PostHoc FREE Calibrating on Kolmogorov Arnold Networks
Wenhao Liang, Wei Emma Zhang, Lin Yue, Miao Xu, Olaf Maennel, Weitong Chen
TL;DR
The paper tackles miscalibration in Kolmogorov-Arnold Networks (KANs), which use spline-based, edge-focused activations that can yield overconfident predictions in dense regions and underconfident ones in sparse areas. It introduces Temperature-Scaled Loss (TSL), a training-time objective that jointly optimizes the network parameters and a learnable temperature parameter $\tau$ to directly shape the predictive distribution, preserving strict propriety of the base loss. The authors provide theoretical guarantees (local convergence and reduction in calibration error) and empirical evidence across diverse vision benchmarks showing that TSL consistently reduces calibration error (ECE and variants) while maintaining competitive accuracy.

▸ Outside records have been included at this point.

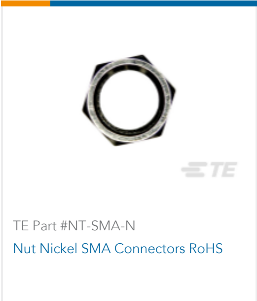
TE Part #NT-SMA-N Nut Nickel SMA Connectors RoHS
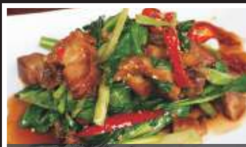
17. KA NA MOO KROB
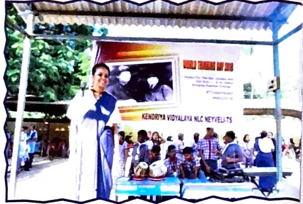
World Thinking Day
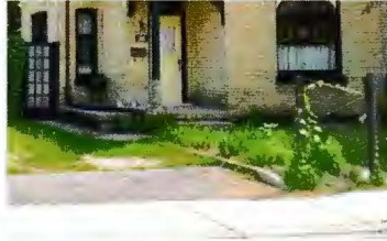
2. Seback of the building from Pegler Street
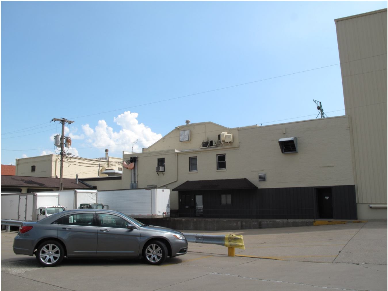
Photograph 29-03094-002 – North elevation, looking south (, July 17, 2013).
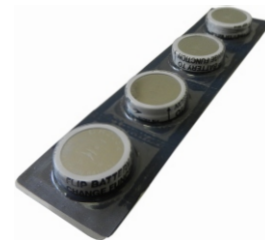
Battery Pack Strip P/N: 49010-S

Comfortable stretch nylon band with adjustable head that can be attached to any Guardian to make an effective head light. Can also be adjusted to fit wrist for hands free lighting.
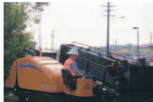
Horizontal Directional Drills
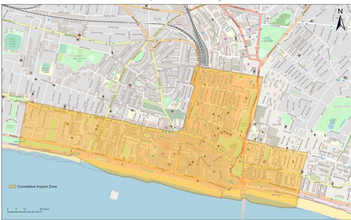
Cumulative Impact Zone, January 2021

3.1.4 This special policy will refer to a Cumulative Impact Zone ("the CIZ") in the Brighton city centre, a detailed plan of which is shown below.
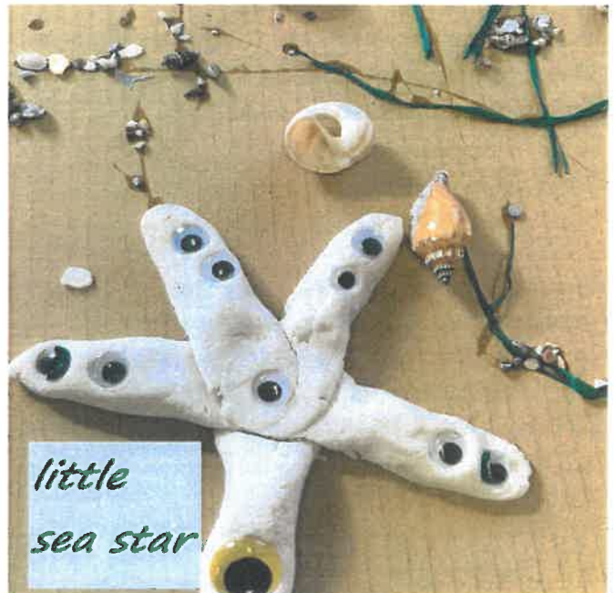
little sea star
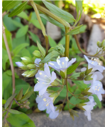
10 Jacob's Ladder Polemonium reptans Large bees are the most effective pollinator of this spring blooming plant.
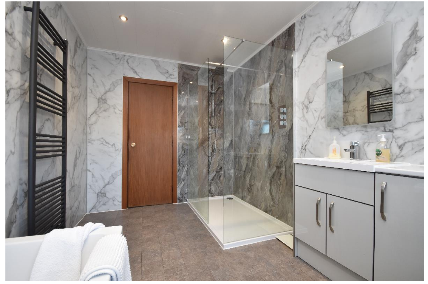
BATHROOM ALTERNATIVE VIEW
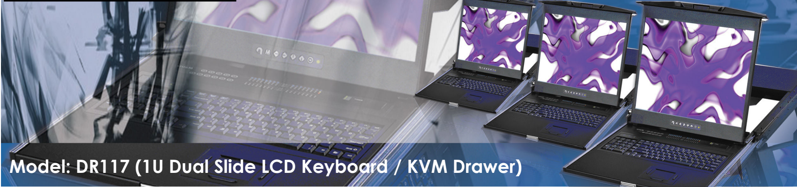
Model: DR117 (1U Dual Slide LCD Keyboard / KVM Drawer)
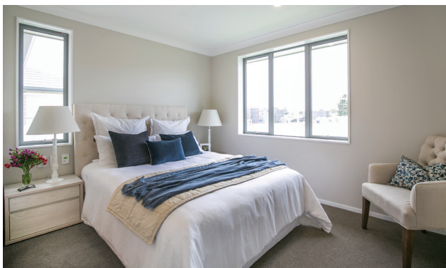
Above | Relish in your spacious master bedroom
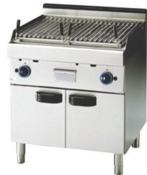
Lava Grill/Stone (Gas / Electric) SIZE: Customized/Important
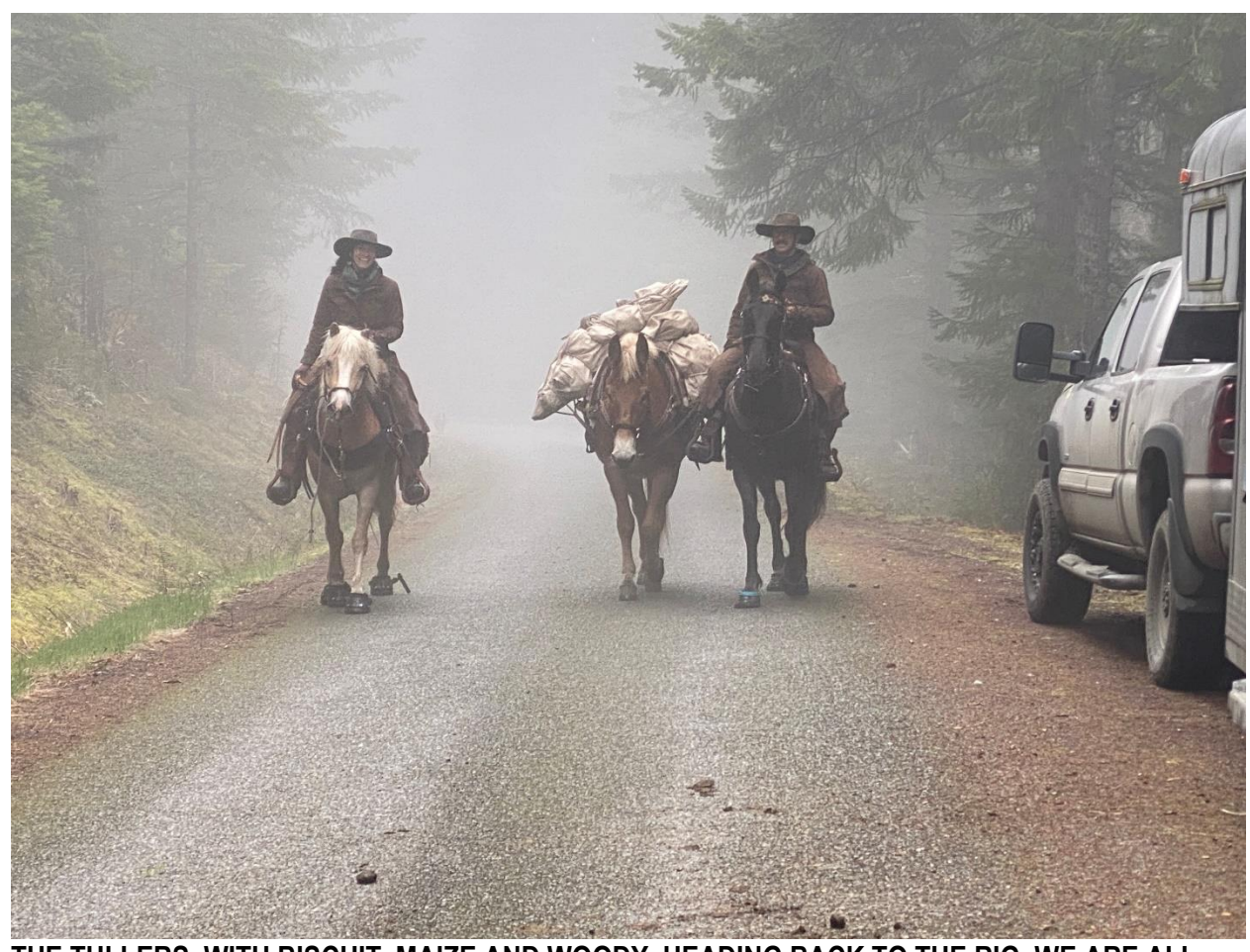
THE TULLERS, WITH BISCUIT, MAIZE AND WOODY, HEADING BACK TO THE RIG. WE ARE ALL THRILLED TO HAVE MADE THIS NEW PARTERSHIP!
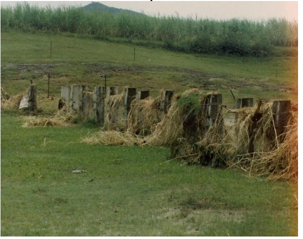
Debris caught on sleepers
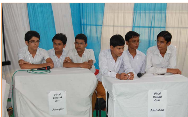
MVM Students Participating in National Level Quiz Competition.
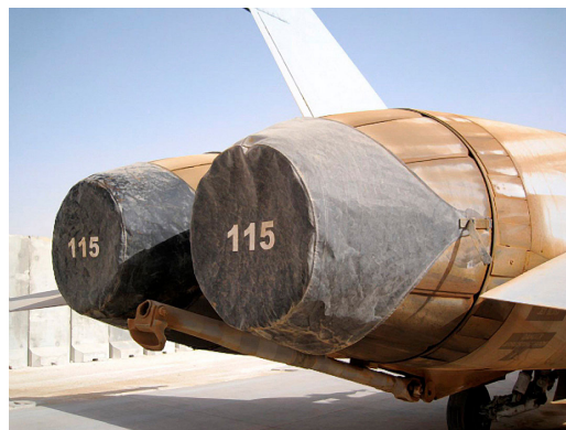
F-18 Exhaust Covers

They also analyze how KAN hyperparameters influence calibration and demonstrate that TSL mitigates grid-induced miscalibration without requiring post-hoc adjustments, offering practical guidance for spline-based networks and potential applicability to other architectures. The work contributes a principled, effective approach to calibration in flexible spline-based models, with implications for safety-critical and risk-sensitive applications.
Abstract
Kolmogorov Arnold Networks (KANs) are neural architectures inspired by the Kolmogorov Arnold representation theorem that leverage B Spline parameterizations for flexible, locally adaptive function approximation. Although KANs can capture complex nonlinearities beyond those modeled by standard MultiLayer Perceptrons (MLPs), they frequently exhibit miscalibrated confidence estimates manifesting as overconfidence in dense data regions and underconfidence in sparse areas. In this work, we systematically examine the impact of four critical hyperparameters including Layer Width, Grid Order, Shortcut Function, and Grid Range on the calibration of KANs. Furthermore, we introduce a novel TemperatureScaled Loss (TSL) that integrates a temperature parameter directly into the training objective, dynamically adjusting the predictive distribution during learning. Both theoretical analysis and extensive empirical evaluations on standard benchmarks demonstrate that TSL significantly reduces calibration errors, thereby improving the reliability of probabilistic predictions. Overall, our study provides actionable insights into the design of spline based neural networks and establishes TSL as a robust loss solution for enhancing calibration.